Read Making Hope Happen: Create the Future You Want for Yourself and Others Online
Authors: Shane J. Lopez
Inspired by Gallup’s leadership findings, I tried to learn more about hopeful leaders by talking to their followers. Here is what JerLene, a workplace consultant for the same company for twenty-five years, had to say about the leader of her consulting group.
JerLene: | I just love her. She knows what I am good at, and she lets me do it. Why can’t everyone have a boss like her? |
SJL: | Besides letting you do what you do best, what does she do to keep you so fired up? |
JerLene: | She wants to make people’s lives better. That’s what I want, too. That’s what we all want here. And she doesn’t let foolish trends and fads distract us from what we are doing. |
SJL: | How does she make your life better? |
JerLene: | Well, let’s see. She calls me before a big trip to ask me what I want to share with the client. She emails me after my meetings for highlights. I look forward to those calls and emails. She encourages me to work with other consultants and researchers who can make me better. And she understands that I am trying to be a great consultant and a great mom, and sometimes that will require flexibility on her part. |
JerLene and other followers of strong leaders talk about their shared vision for the future (focusing more on “we” goals than “me” goals), the chance to use their talents to make change happen, and an energy that sustains them and gets them through down times. They feel a day-to-day excitement and hope. There’s no fear in their interactions.
Shortly after an F5 tornado with 200-mile-per-hour winds decimated 95 percent of the city of Greensburg, Kansas, at 9:45
P.M.
on May 4, 2007, a group of community leaders realized that they had to create
a bold new vision of the future for their city, one that would get the nation’s attention.
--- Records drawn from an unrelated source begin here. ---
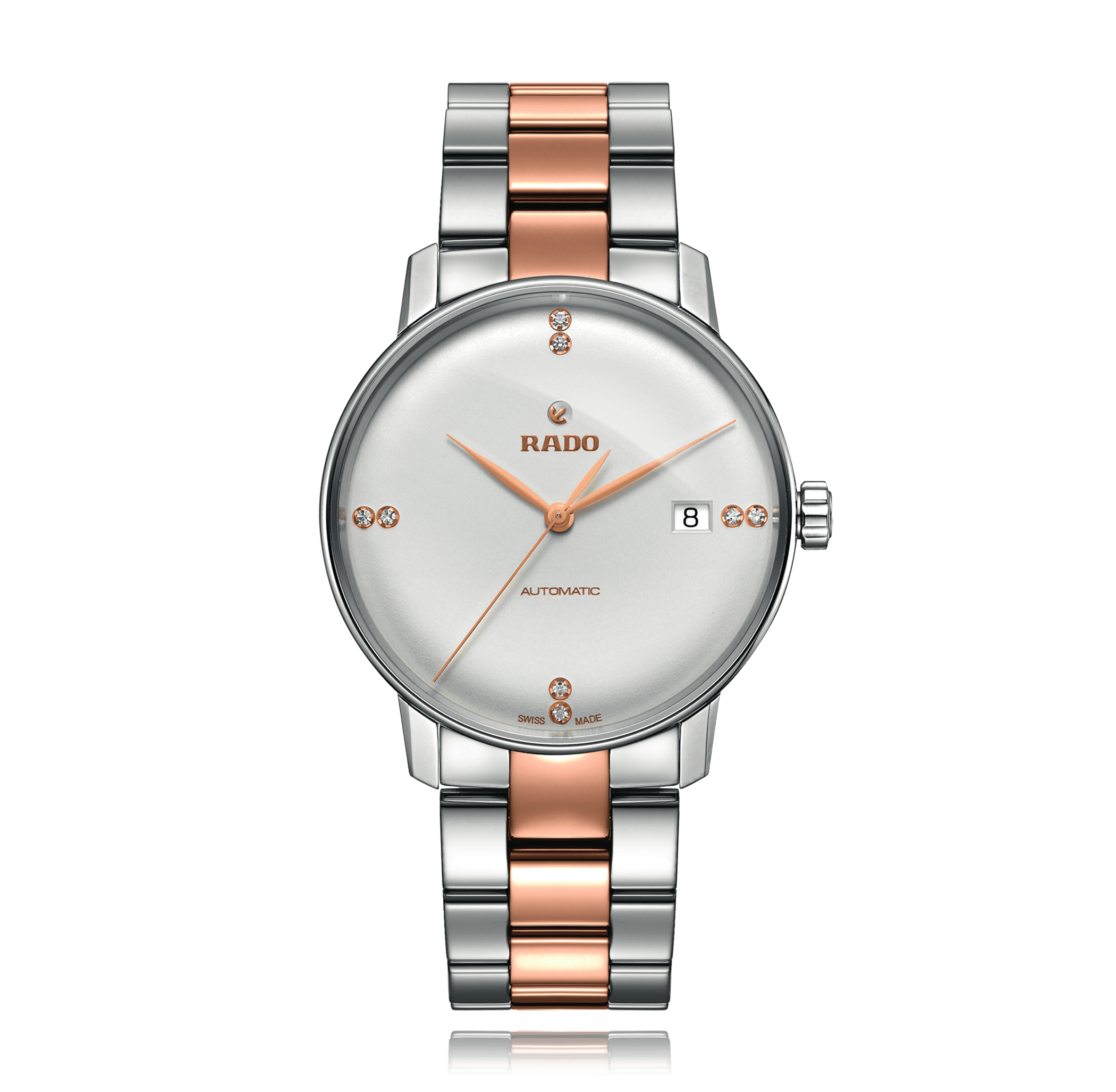 Rado Coupole avec un boîtier de 38 mm en bicolore et un verre saphir, étanche; à l'intérieur se trouve le calibre automatique c07.611, cadran argent diamants, indication: , bracelet bicolore métal; accessoire: écrin (original), garantie de vente (original).
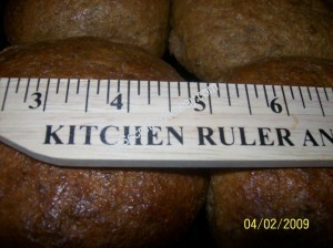 I tried using different things to show how big they ended up to be. This is my kitchen measuring thingy (just another technical term). Yes, I could have said “Ruler” but this thing does so much more than measure.
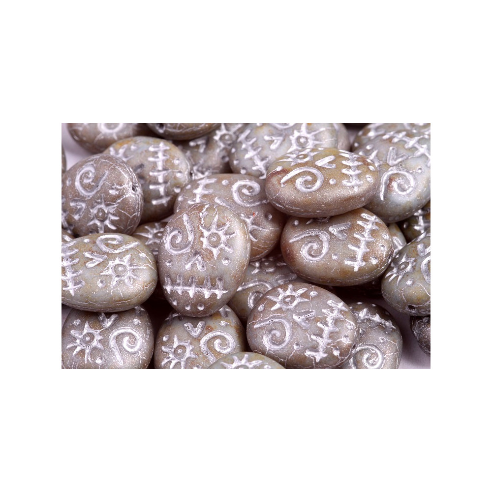 A unique stony grey finish defines these artisan Mask Beads, each featuring a whimsical tribal face engraving that adds character to any project. These oval pressed glass elements evoke an ancient, earthy feel, making them ideal for boho-chic earrings or as focal components in a mixed-media bracelet. The subtle silver wash within the engravings highlights the intricate details of the funny face design, ensuring each bead stands out as a miniature work of art.

Within twelve hours of the storm, then-mayor Lonnie McCollum told the media that the people of the city had decided to rebuild.
Upon her visit to Greensburg, then-governor Kathleen Sebelius met with city leaders. When she left the closed-door meeting she announced to the world that “[w]e talked about having Greensburg be the greenest rural community in America.”
Just days after the south-central Kansas city was turned into rubble, city council members and state officials signed a resolution announcing that Greensburg would rebuild as America’s greenest city, making it environmentally and economically sustainable. Steve Hewitt was
city administrator, and so it became his job to rally the community and turn big ideas into LEED-certified public buildings, businesses, and homes—a sort of living science museum that would bring more people to town than its other big attraction, the world’s deepest hand-dug well. I asked Steve how the city’s plan, collaborations, and hard work had restored morale to a group of people who had lost everything. He told me, “Everybody needed a story of recovery,” and explained that the Greensburg recovery story came together as the community contributed to it, as real planning began, and as the long-term picture started to look better than the past.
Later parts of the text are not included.